If you want to add or customize metrics, you need to check the implementation of the corresponding Analyzer and Monitor:

  • If the statistic you need is calculated in the Analyzer, but not used in Monitor, you can add it there by updating the Monitor code
  • If the statistic you need is not calculated in the Analyzer, then you should first add the metric to the Analyzer and then to Monitor

For example, to add something to the Data Drift monitoring dashboard:

How to adapt the example to work with your ML service

If you want to adapt this example to use with your ML service, you will need two more things:

  • Change the data source for your live production data and reference data.
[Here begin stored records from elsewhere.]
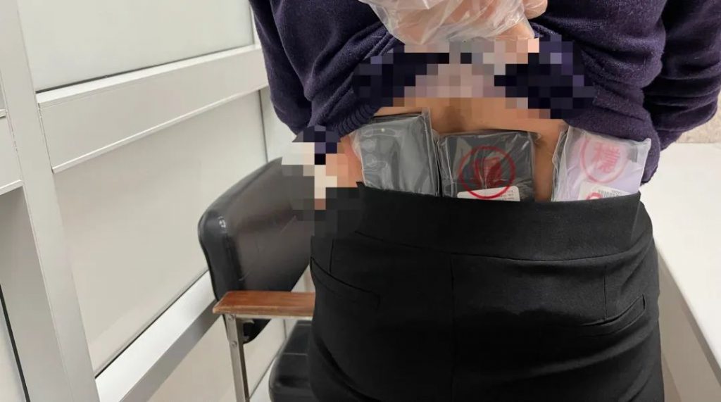 Ao meio-dia do dia 30 de Dezembro, os verificadores alfandegários avistaram na zona de inspecção para os passageiros de saída do Posto Fronteiriço das Portas do Cerco, um indivíduo do sexo feminino que caminhava com movimentos anormais e que tentava misturar-se com a multidão para a passagem fronteiriça, a atitude levou à suspeita de que a mulher em questão tinha escondido os artigos ilegais. Após uma inspecção detalhada com a utilização do Sistema de inspecção da segurança por scanner corporal Terahertz, foi descoberto que a mesma tinha amarrado e escondido 99 unidades de produtos cosméticos na cintura e nas pernas, tentando contrabandeá-las para Macau.
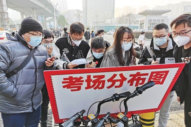 上图:2023年1月8日,湖北武汉,中央机关及其直属机构考试录用公务员笔试武汉理工大学考点。
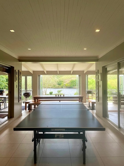 As the day unfolds, the spacious patio transforms into the heart of your stay—a space equally suited for quiet contemplation or lively gatherings. Whether it’s a fresh mimosa or a gin and tonic in hand, there’s something about sitting here, looking out over the water, that lends itself to the slow enjoyment of simple pleasures. Perhaps you’ll gather for a spontaneous game of ping-pong, with cheers and playful taunts filling the air. Or, as the kids run in from the jetty, proud of their fishing attempts, the patio becomes a gathering place for sharing stories, snacks, and plans for the rest of the day.
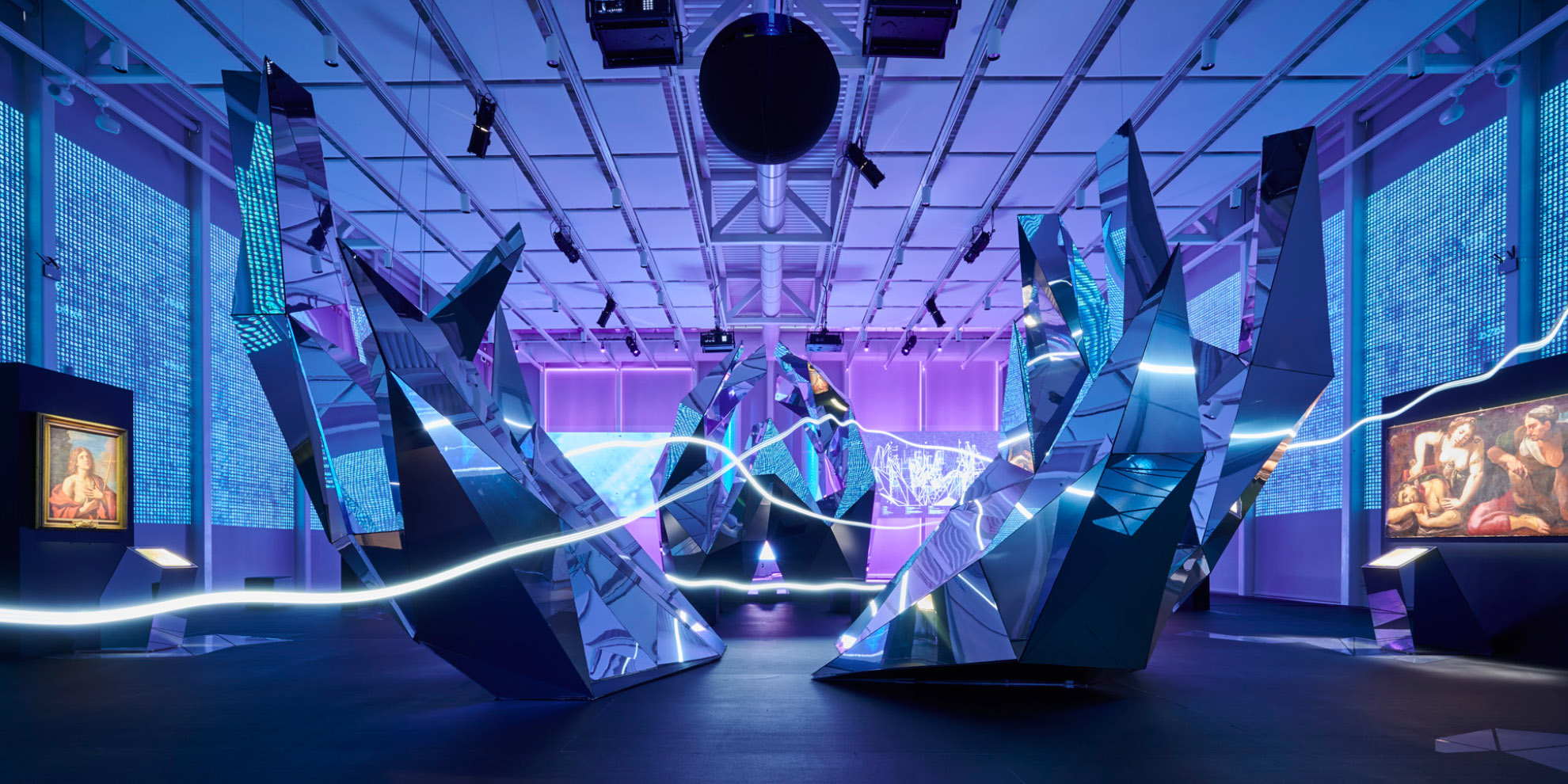 The staging of the exhibition was imagined as a talking architecture where the definition of space is determined by the positioning of the works, which replace the structure: they become both walls and pillars, but also a support on which to overwrite the content. The space is imagined as an immaterial architecture of knowledge which, like a book, intends to record history and the future.
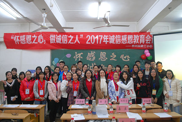 11月24日晚,教科院勤工中心在燕雷楼601室召开了以“怀感恩之心,做诚信之人”为主题的诚信感恩教育会议。莅临本次会议的嘉宾有教科院辅导员黄蔚老师、学贷中心学生干部、各二级学院勤工中心干部以及教科院勤工中心主任郑乔匀,副主任陈奕婷、梁淑雯等。
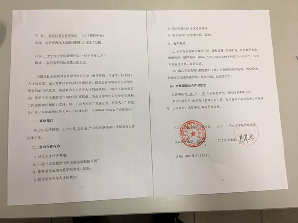 北京注冊會計師協會與中華女子學院管理學院雙方本著“互惠互利、培養人才”的宗旨,建立長期戰略伙伴關系。中華女子學院管理學院與北京注冊會計師協會簽署了合作培養人才的框架協議。雙方將在建立人才培養基地、開展“走進校園-CPA職業基礎技能培訓”、推薦考核成績合格學員實習與就業;聯合舉辦專場人才招聘會、聯合開展CPA考試考前輔導、聯合舉辦行業學術會議與論壇等方面展開深入合作。涉及培訓項目將由北京注冊會計師協會負責制定教學計劃、課程設置、師資配備;負責教學實施、班級管理、組織考試、面試;負責為成績合格學員授予合格證書;負責審核宣傳資料、宣傳方式。
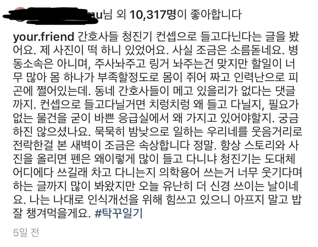 유명한 간호사쌤 인스타그램에 올라온 글..
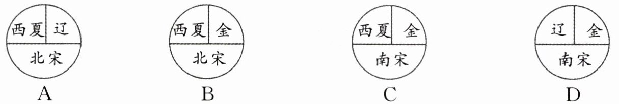 3. 下列四幅两宋与辽、西夏、金并立示意图中,哪一幅是错误的( )
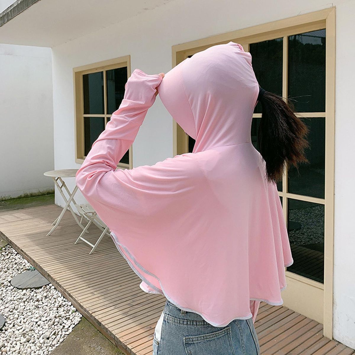 Womens summer UV protection long sleeve hooded coat with sun visor hatHigh quality UV sun protective fabric, durable, lightweight, breathableLong Sleeve zipper hoodied, 360 degree design protection, great for all types of outdoor activitiesUniquely designed ultimate sun protection. Conveniently slip on in seconds to protect , neck and facePerfect for use at spring, summer, autumn when travel around, do sports such as outdoor cycling, riding, hiking, camping, mountaineering, beach, holiday walking, etc
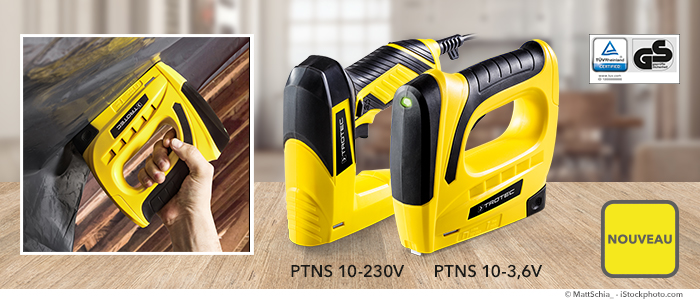 Les deux nouveaux pistolets agrafeurs de Trotec offrent une cadence d’agrafage élevée, une puissance d’agrafage convaincante et des possibilités d’utilisation des plus diverses. Grâce au pistolet agrafeur PTNS 10-230V et au pistolet agrafeur à batterie PTNS 10-3,6V, vous pouvez fixer en toute fiabilité des films plastiques, des tissus, du bois, du carton ou du cuir sur des surfaces en bois souple. C’est à vous de décider lequel de nos nouveaux outils convient le mieux à vos exigences. Le meilleur ? Commandez-le d’ici la fin de la semaine calendaire 42 et vous profiterez d’un rabais de 50 % !
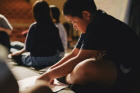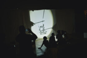 ワークショップ最終日のこの日は、前回の宿題として考えてきたアイデアをもとに、いよいよ”影絵づくり”に取り組みました。
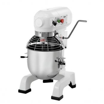 Kuchyňský robot až na 7,5 kg těsta. Mixovací nádoba objemu 20 litrů na přípravu těst, smetany, krémů atd. Odnímatelná míchací mísa z nerezové oceli. Produkční množství těsta 7,5 kg / 20 litrů. Regulace rychlosti 3 úrovně. Bezpečnostní spínač. Včetně: 1 plochý šlehače nerez, 1 hnětací hák na těsto nerez, 1 metla nerez/litý hliník, 1 ochranná mřížka, nerez. Příslušenství vhodné do myčky nádobí. Ochrana motoru. Materiál lakovaná nerezová ocel. Příkon 1,1 kW / 230 V / 50 Hz. Rozměr: Š 530 x H 496 x V 800 mm. Hmotnost: 80,18 kg.
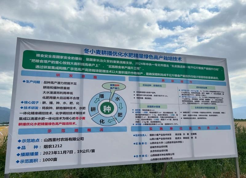 當(dāng)天的測產(chǎn)示范田位于運城市永濟市山西董村農(nóng)場有限公司,該公司擁有小麥面積約17000畝,其中噴灌面積約12000畝,滴灌面積約6000畝。山西農(nóng)業(yè)大學(xué)高志強教授團隊研發(fā)集成的“耕播優(yōu)化水肥精量綠色高產(chǎn)栽培技術(shù)”核心示范田面積160畝。示范田品種煙農(nóng)1212,2023年11月7日播種,播量19公斤/畝,采用德國雷肯小麥播種機密行稀播。返青后、拔節(jié)期、灌漿期均采用水肥一體化滴管方式精準給水給肥,中后期進行病蟲害防治,灌漿期噴施植物生長調(diào)節(jié)劑增強抗逆性、促進粒重增加。
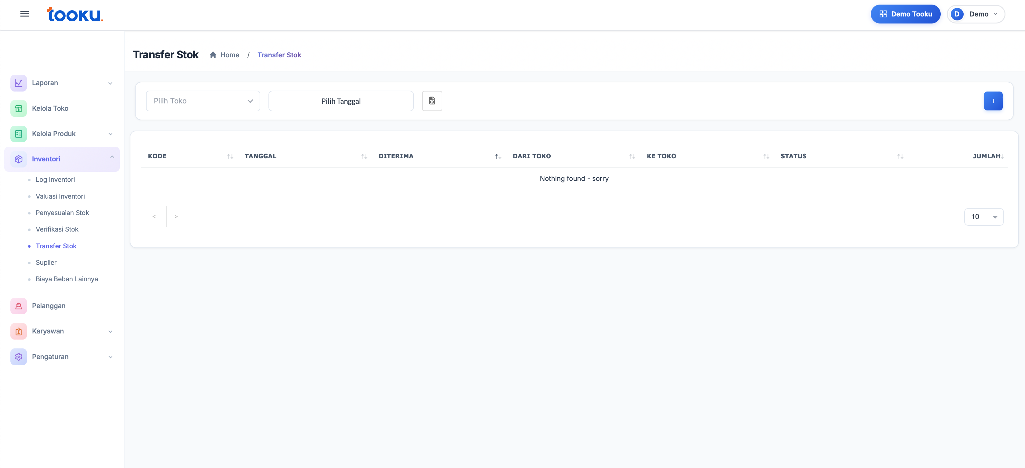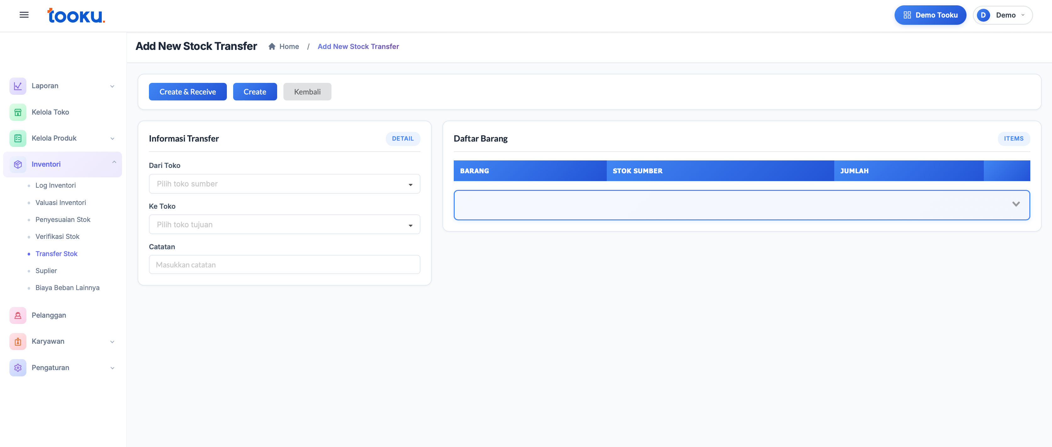 1. Masuk Inventori → Transfer Stok
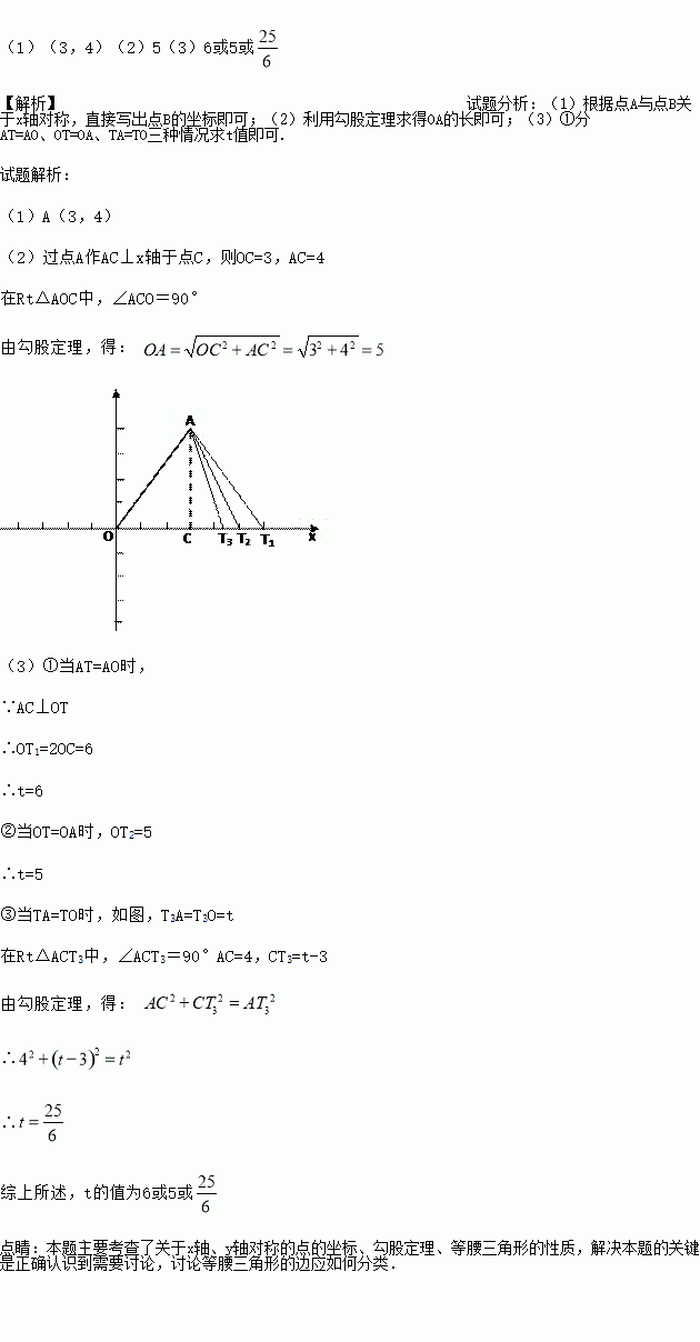 轴正半轴上的一个动点,当△ATO是等腰三角形时,求
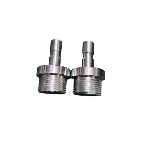 ชิ้นส่วนเหล็กกล้าคาร์บอนกลึงด้วยเครื่อง CNC ตามสั่ง | ชิ้นส่วนเครื่องจักรกลซีเอ็นซีความแม่นยำสูง อะแดปเตอร์เกลียวตัวผู้พร้อมเพลาไพล็อต (แบบไหล่)
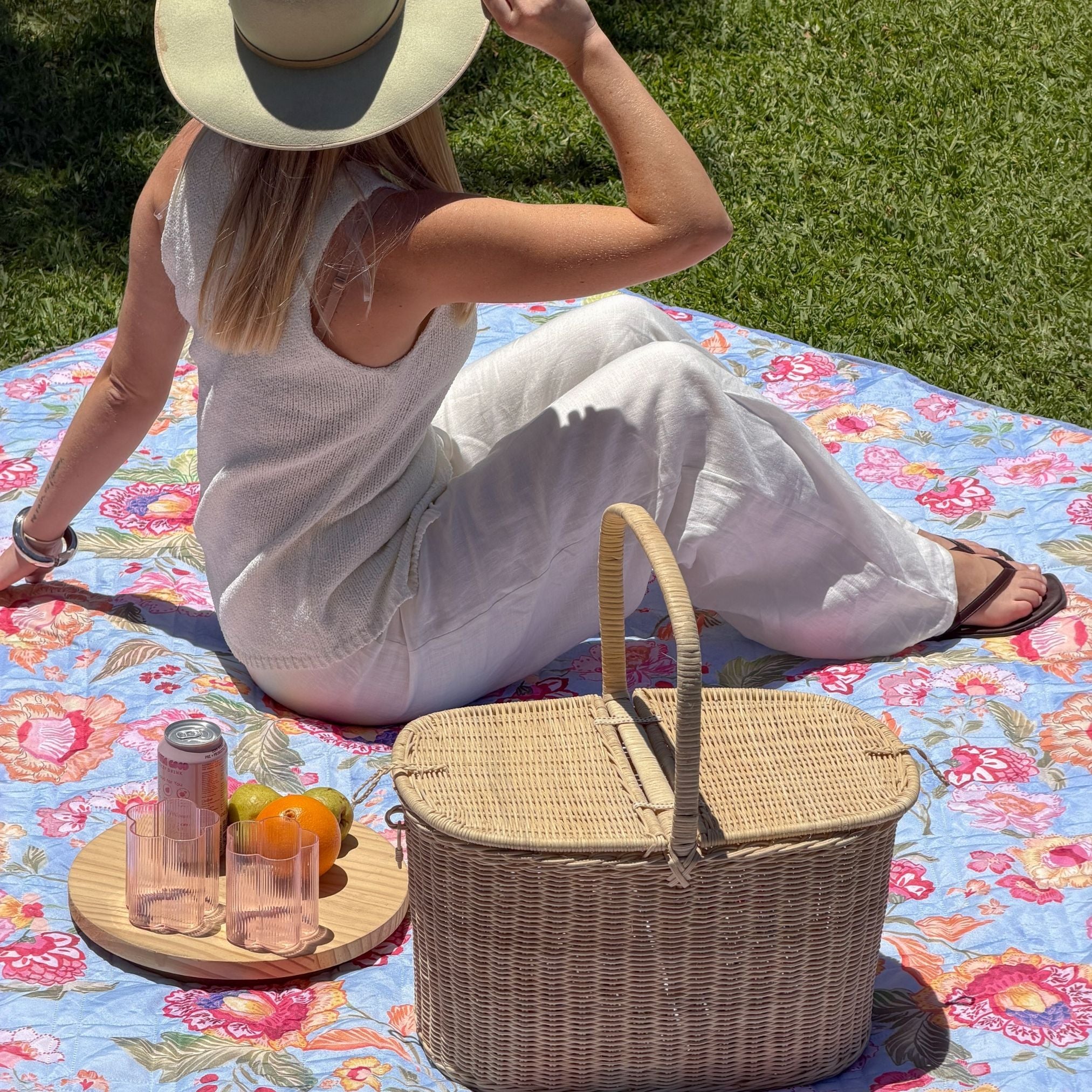 The Maisie Waterproof Picnic Rug brings artistry and elegance to outdoor living with vibrant hand-painted bohemian florals. Crafted with a waterproof top and base, it’s as practical as it is beautiful. Spacious, lightweight, and easy to carry, Maisie is perfect for family picnics, relaxed park days, and coastal escapes. A mat that celebrates creativity, comfort, and connection in every gathering.

For demo purposes, in this example we read the current data from the file. In production use, we suggest to POST the data directly from the ML service to the Evidently service.
  • Configure Evidently monitoring parameters. See the instructions below.

To adapt the example for a custom ML service, we recommend to copy the grafana_monitoring_service folder and rename it. Then, take the following steps in the newly created directory:

  1. Update config.yaml to let evidently know how to parse the data correctly. The config file contains the following parts:
  • data_format - the format of the input data;
  • column_mapping - the information about the target, prediction names, lists of the numerical and categorical features. The format is similar to the column_mapping we use to calculate evidently interactive dashboards and profiles;
  • service:
    • reference_path - path to the reference dataset
    • use_reference - define if to use the provided reference dataset ("true") or collect the reference from the production data stream ("false"). Currently, only true option is available.
    • min_reference_size - the minimal number of objects in the reference dataset to start calculating the monitoring metrics. If the reference dataset is provided externally, but has less objects than defined, the required number of objects will be collected from the production data and added to the reference.
    • moving_reference - define if to move the reference in time during metrics calculation. Currently, only false option is available.
    • window_size - the number of the new objects in the current production data stream required to calculate the new monitoring metrics.
    • calculation_period_sec - how often the monitoring service will check for the new values of monitoring metrics.
    • monitors - the list of monitors to use. Currently, 6 monitors are is available: Data Drift, Categorical Target Drift, Numerical Target Drift, Regression Performance, Classification Performance, Probabilistic Classification Performance https://github.com/evidentlyai/evidently/blob/main/src/evidently/model_monitoring/monitors/
  1. Place the reference.csv inside the project folder (grafana_monitoring_service in the initial example)

3.1 (option 1) If you do not have a live service, you can place the production.csv file in the project folder exactly as we did in the example. In this scenario, your example will work exactly as the initial one: each calculation_period_sec the service will take the next line from the production data to simulate the production service.

3.2 (option 2) If you do have a live service, then you should update the app.py script to make it use your service instead of the toy example. Update the iterate() method from @app.route('/iterate', methods=["POST"]) to send the data from your service to the monitoring.

Note: the monitoring functionality is in active development and subject to API change. If you integrate Evidently Monitoring in your production pipeline, we suggest explicitly specifying the Evidently package version. Feel free to ping us on Discord if you face any issues, and we'll help to figure them out.